The awakening of the social conscience is in proportion to the growth of understanding, which is far deeper than toleration. We are not asked by the Spirit to tolerate one another, but rather to understand one another; and when we understand we love, just as where we truly love we come to understand. Group life tends to produce understanding, an dour modern world is made up of groups. Labor is organized, the professions are organized. Functional activities of all sorts have developed. Common action provokes common thought. Groups become richer as they incorporate various attitudes of their members.

Understanding develops in group experience of all sorts, but sometimes ends with its own boundaries. As Christians, we are asked to extend this understanding beyond all our special group experiences, beyond our membership in families, in neighborhoods, in unions, in professional societies, in national life, to an understanding of all men as the children of God.

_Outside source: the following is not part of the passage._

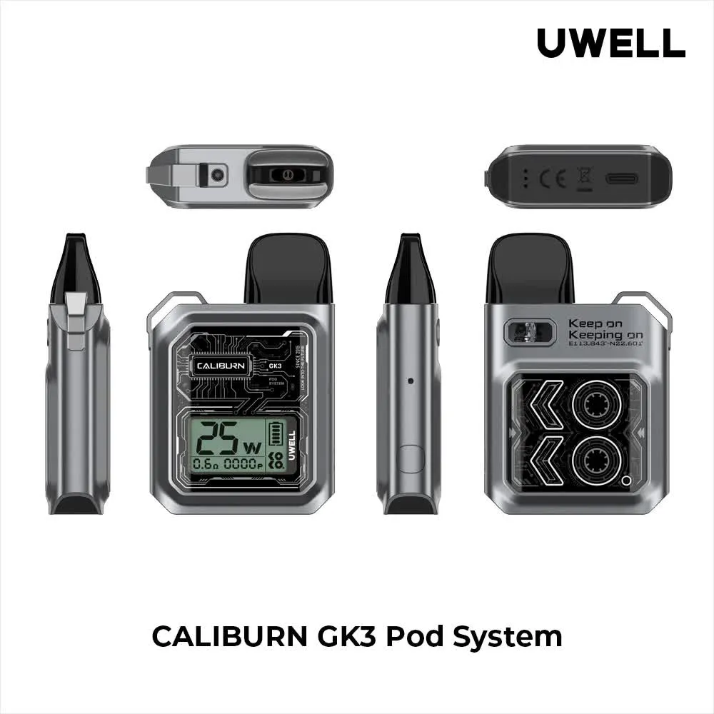 Uwell Caliburn GK3 Pod Kit یکی از جدیدترین مدلهای سری Caliburn است که برای کسانی که به دنبال تجربهای ساده، راحت و کارآمد از ویپینگ هستند طراحی شده است. این دستگاه با ظرفیت باتری 900 میلیآمپر ساعت و توان خروجی 25 وات، قدرت کافی برای تولید بخار و طعم عالی فراهم میکند. این دستگاه با پورت USB Type-C به سرعت شارژ میشود، بهطوری که همیشه آماده استفاده است.
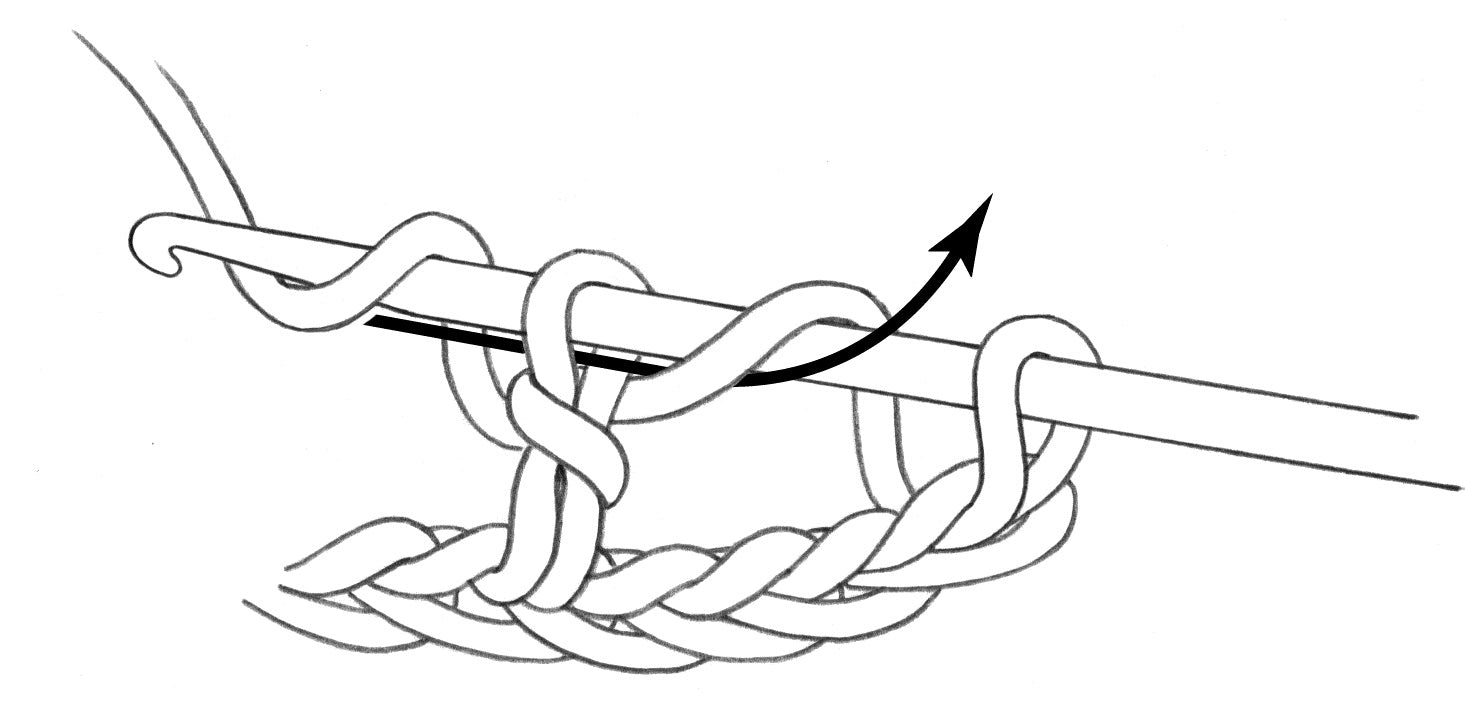 Yarn over, draw the yarn through the chain (4 loops on hook).

And we are asked to make the Church co-extensive with all men, for the Church is just that: the followers of Jesus and sharers in the life of His spirit. No individual or group is then alien to the workings of the Spirit. All must be redeemed, the family, the nation, and the processes of production [6/7] and distribution. Nothing human can be kept free of God and His Spirit.

The Church exist to carry on the Spirit’s work. But we cannot confine that work to the Church. We run across the Spirit whenever we have eyes to see, and ears with which to hear. An artist’s portraiture, a symphony of Beethoven, a group of children in a nursery school, a crowd of workmen in a city square may all reveal the living Spirit of God calling upon the children of men to live, not as those who perish, but as sharers of Eternal Life.

We cannot keep the Spirit of God from entering the world and penetrating its every relationship. But we can refuse to recognize and welcome new modes of His entry into the world. We can be blind to brotherhood that comes in an alien guise. We can turn our backs on His appearance in the lives of those who, perhaps without knowledge of whom it is they serve, are bringing in changes in society that open the way for His coming. We can prevent His filling our own hearts with Pentecostal zeal for a new world. Or we can recognize the fruits of the Spirit listed in the Epistle to the Galatians wherever we find them, and so find new signs about us in strange places, perhaps in the byways and hedges.

The Spirit bloweth where it listeth. We must watch here He appears and adore Him there in every cradle and on every cross.


VENI, CREATOR SPIRITUS

COME, Holy Ghost, our souls inspire,
And lighten with celestial fire.
Thou the anointing Spirit art,
Who dost thy sevenfold gifts impart.

Thy blessed unction from above,
Is comfort, life, and fire of love.
Enable with perpetual light
The dullness of our blinded sight.

Anoint and cheer our soiled face
With the abundance of thy grace.
Keep far our foes, give peace at home;
Where thou art guide, no ill can come.

Teach us to know the Father, Son,
And thee, of both, to be but One;
That, through the ages all along,
This may be our endless song:

Praise to thy eternal merit,
Father, Son, and Holy Spirit.

 

RESPONSE

V. O send forth thy Spirit and they shall be made:
R. And thou shalt renew the face of the earth. Alleluia.

COLLECT FOR WHITSUNDAY

O GOD, who as at this time didst teach the hearts of thy faithful people, by sending to them the light of thy Holy Spirit; Grant us by the same Spirit to have a right judgment in all things, and evermore to rejoice in his holy comfort; through the merits of Christ Jesus our Saviour, who liveth and reigneth with thee, in the unity of the same Spirit, one God, world without end. Amen.